Infinitefreefall - Beautiful People
/ Maxton Stenstrom needed to vent a little bit. I feel that. That’s what I’m here for, folks. Stand up, shake it off, pick up your synth modulator and whale away.
do you ever feel like connecting with people is way harder than it has any right to be? or maybe that the world is so rife with invisible barriers between everyone that, hell, maybe it’s even not worth attempting to reach out at all?
i’ve been struggling with this emotion for some time now. i think a bit of it stems from the fact that i’ve always felt a little like an outsider. i’ve spent most of my life thus far cycling between various interests, friend groups, homes, identities, and the cloud hanging over me asks “how can you expect to get close to others if you don’t even know who you really are?”
i grew up in charleston, south carolina and moved to los angeles last year after falling in love with many of their music scenes. when i moved here, i was able to start seeing tons of my favorite acts perform, not only at standard venues but at after hours shows. these shows would often take the form of the elusive warehouse party, which are exactly what you think they are: everyone is doing drugs, everyone looks incredible, red bull and vodkas are $10, the crowd is made up of one-half die-hard music fans and one-half people trying to forget what day of the week it is. it’s simultaneously superficial and spiritual.
these first parties i went to were where i became hyper-aware of these invisible barriers. at these parties, i’d watch swaths of people with money, people with prestige, people with style, people who are connected, people with more friends than you, people who fit in better than you, people you think you’d like section off into their own equally impenetrable cliques; each dividing attribute adds yet another barrier to the space between myself and the silence. i saw them and wanted to feel like i belonged to something as much as they all seemed to; i thought about how wonderful it would be to fit in here. and then i looked at myself and wondered how much i’d have to change the person i am now in order to do so.

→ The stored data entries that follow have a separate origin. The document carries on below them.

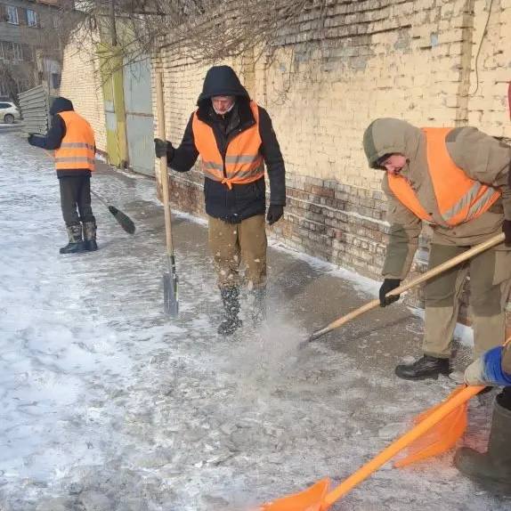 Дорожники в городе вручную скалывают лёд с тротуаров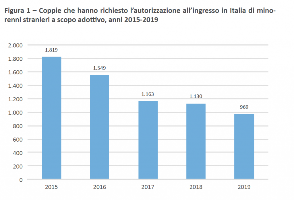 Paragonando il 2019 con gli anni precedenti ecco i dati del numero di minori adottati: 2015 con 1.819 minori; 2016 con 1.549 minori; 2017 con 1.163 minori; 2018 con 1.130 minori e per l’appunto il 2019 con 1.205 minori: nel raggio temporale degli ultimi cinque anni quindi si è registrato un calo in termini di adozioni internazionali del 46,7%.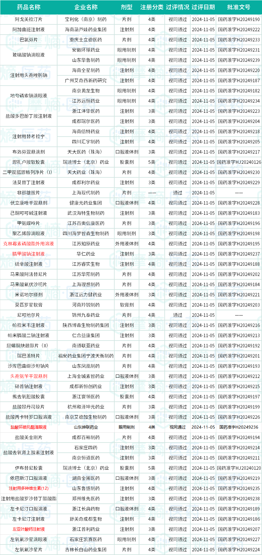 11月05日过评品种(标红为首家过评)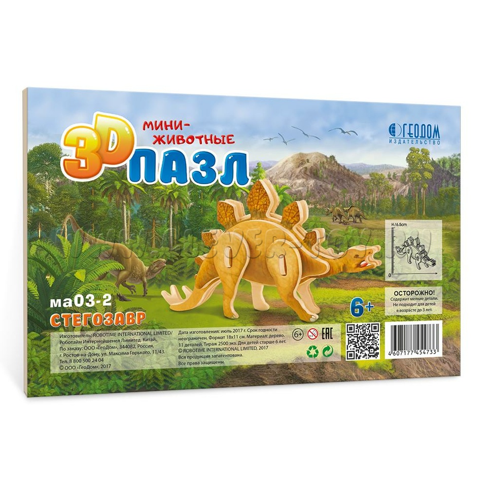 Пазл деревянный 3D. Стегозавр. Серия Мини-животные. Размер 11,5х18,5 см.
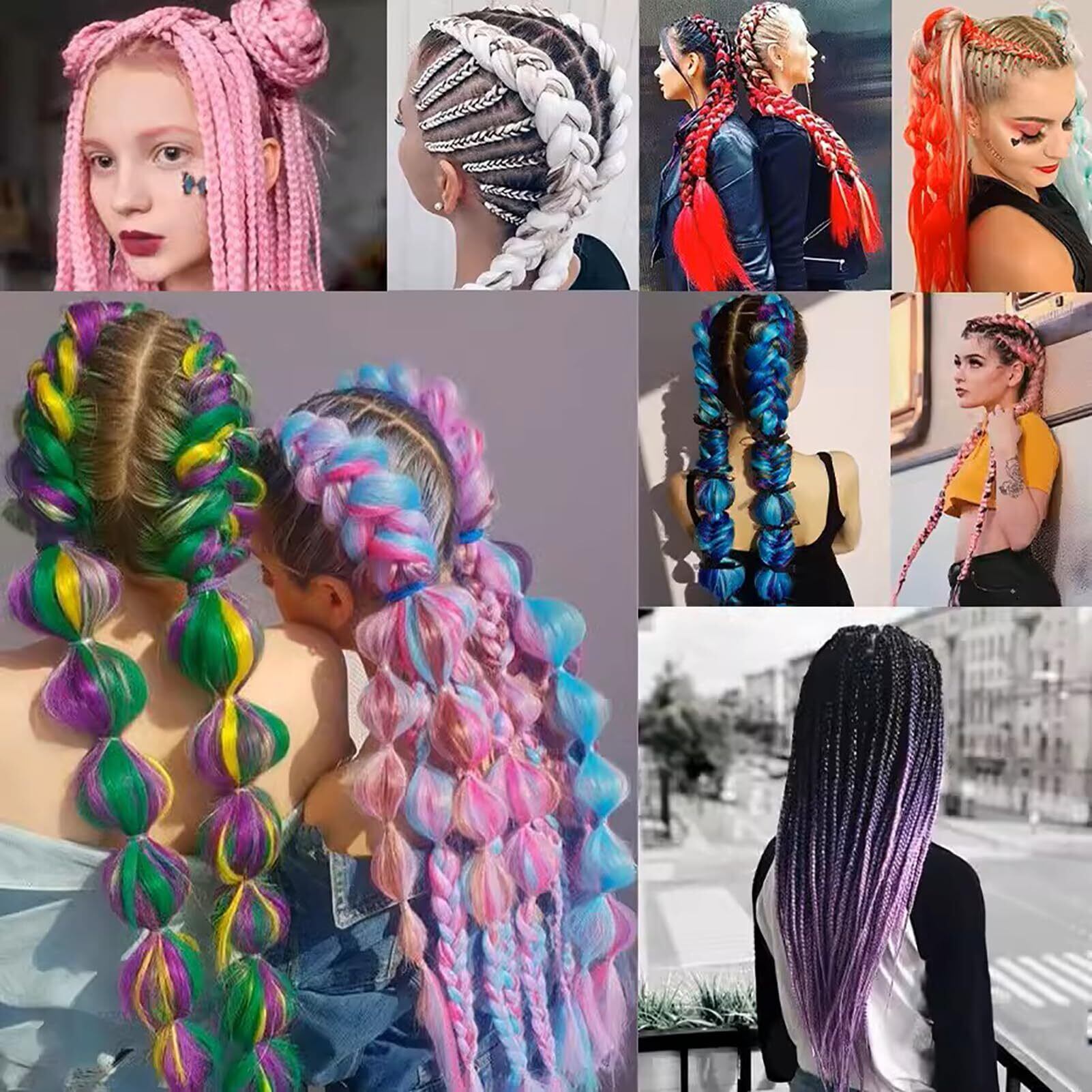ウィッグ エクステンション 30色 ヘアティンセル ブレイズ 編み込み カラーエクステ カラフル 輝く グラデーション 編み エクステ ストレート サラサラ オシャレ ヘアアクセサリー 盛りアップ ハロウィン 祭り グラデーション ぱっちん 簡単 エクステ (FR-04)

and these emotions became the impetus for this song. i’ll never underestimate the ability of art to turn even your most deeply hidden insecurities into a something of harmonic mantra for yourself… i think putting these emotions on full display helps me better deal with them. after all, therapy’s expensive.
p.s.: this is one of the most wonderful, personal, and honest blogs i’ve come across in a long while. thanks for what you do. it’s incredibly inspiring.